Our Architecture is using a Push Engine to send data to the browser ,
Could anybody please tell me what is the use of Push Engine ??
( Why is it required , as the same thing can be achivied using a normal AJAX programming )\
Please guide me .
let's say your visiting a website, and the website is updated continuously. Your browser needs to keep updating the data that you're viewing, meaning that the browser needs to keep communicating with the server, and get the updates.
you can use ajax to make requests every few seconds, each time fetch more data from the server. Problem is - you need to make a lot of ajax calls, and you open a connection (a socket) for each, and eventually, it is a very slow process. if the interval between the requests is large, you will have a delay between the updates on the servers, and the updates in your browser.

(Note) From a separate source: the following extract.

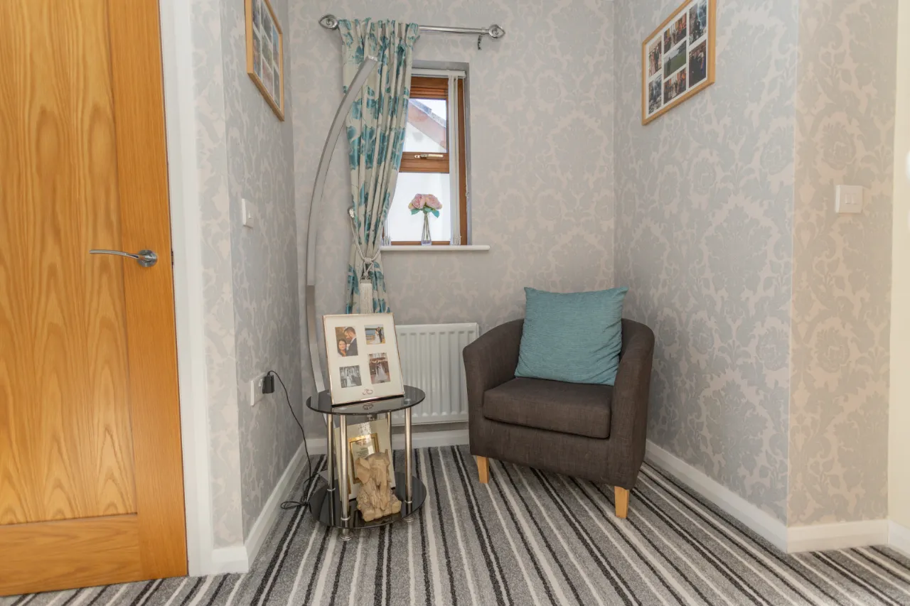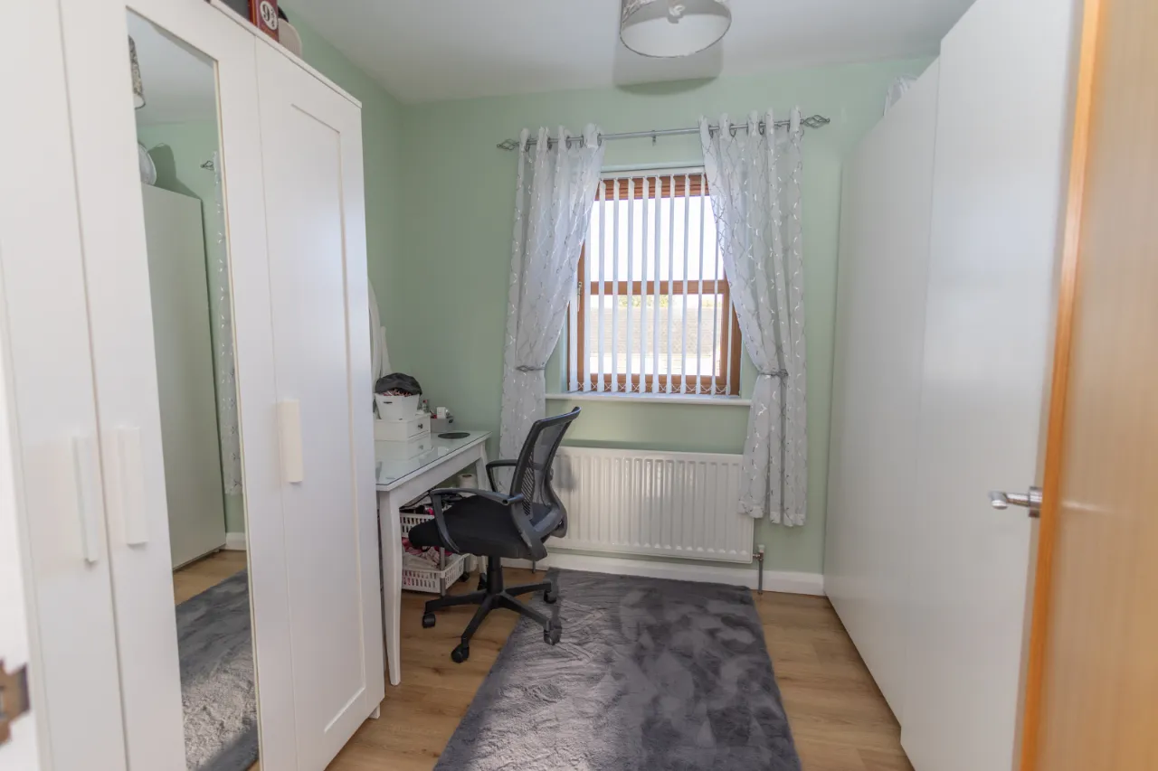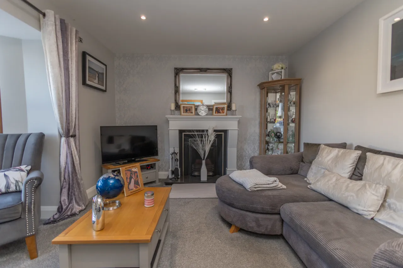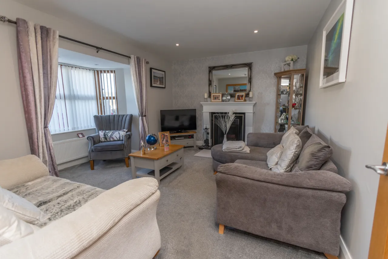 Front aspect with bay window, carpeted floor, open fire with cast-iron insert, polished granite hearth and marble surround. TV point and a double radiator.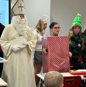 Heute besuchte der Nikolaus mit seinem großen Gefolge das CGL. In den ersten zwei Stunden stattete der Abiturjahrgang 2026 in weihnachtlichen Kostümen den verschiedenen Klassen einen Besuch ab. Es wurden kurze Spiele gespielt, Lieder gesungen und gemeinsam gelacht. Eine Belohnung gab es am Ende natürlich auch.

to solve that, we can manipulate the HTTP calls - keep the request (the connection) open, and continuously send data. that way, when the server wants to send something to the client (browser), there's an open connection, and it doesn't need to way for the next ajax call by the browser.
HTTP servers have a timeout on the requests, so just before request times out, browser will close it and make a new one.

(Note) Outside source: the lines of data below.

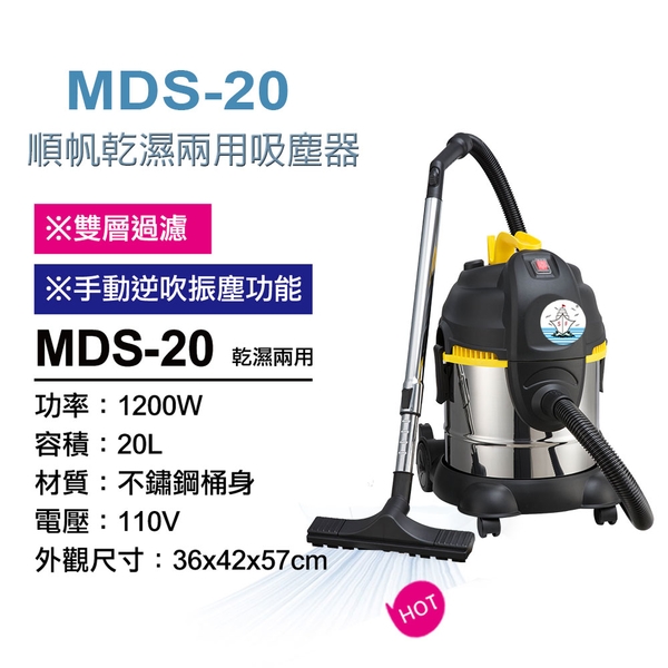 順帆MDS-20乾濕兩用吸塵器-20L/原廠全新/高屏經銷商/高雄綠陽能源環保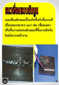 รอยเชื่อมลักษณะนี้จะเกิดขึ้นกับชิ้นงานที่ เชื่อมพอกหลายๆ แนว เช่น เชื่อมเพลา หรือชิ้นงานต่อชนลักษณะที่ชิ้นงานติดกัน โดยไม่บากหน้างาน 46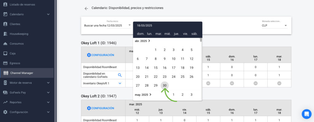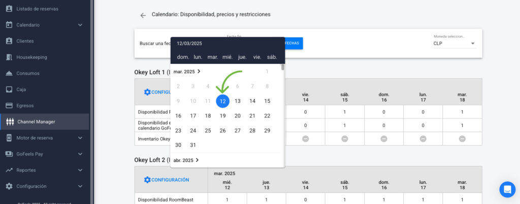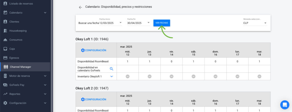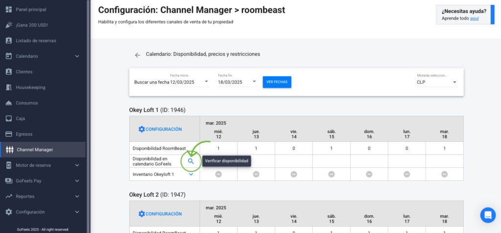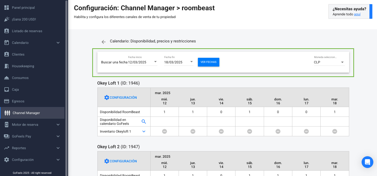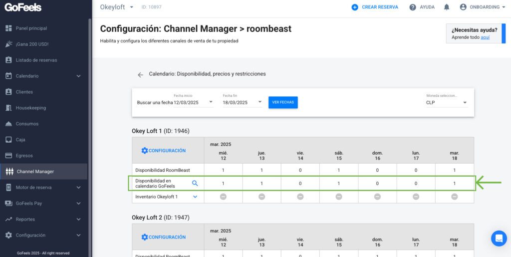 Al pasar el tiempo, se debe agregar disponibilidad para fechas futuras para Roombeast desde GoFeels (proceso explicado en la guía ¿Cómo configurar disponibilidad para Roombeast?). Pero si vas a realizar la configuración y necesitas conocer la disponibilidad real de la propiedad, en sus distintos tipos de habitaciones, hemos agregado una fila adicional: a la configuración de Disponibilidad y precios para el canal de Roombeast.

another (better) method is using XMPP protocal, which is used in chats like facebook's and msn.
AJAX is a pull method - it requires the client to connect to the server. If you have some information that you want to display live - for example a live score in a football game - the AJAX call has to be made at regular intervals - even when there is no data waiting on the server. A Push Engine is the reverse - the client and server maintain a connection and the server pushes data when there is data to be sent.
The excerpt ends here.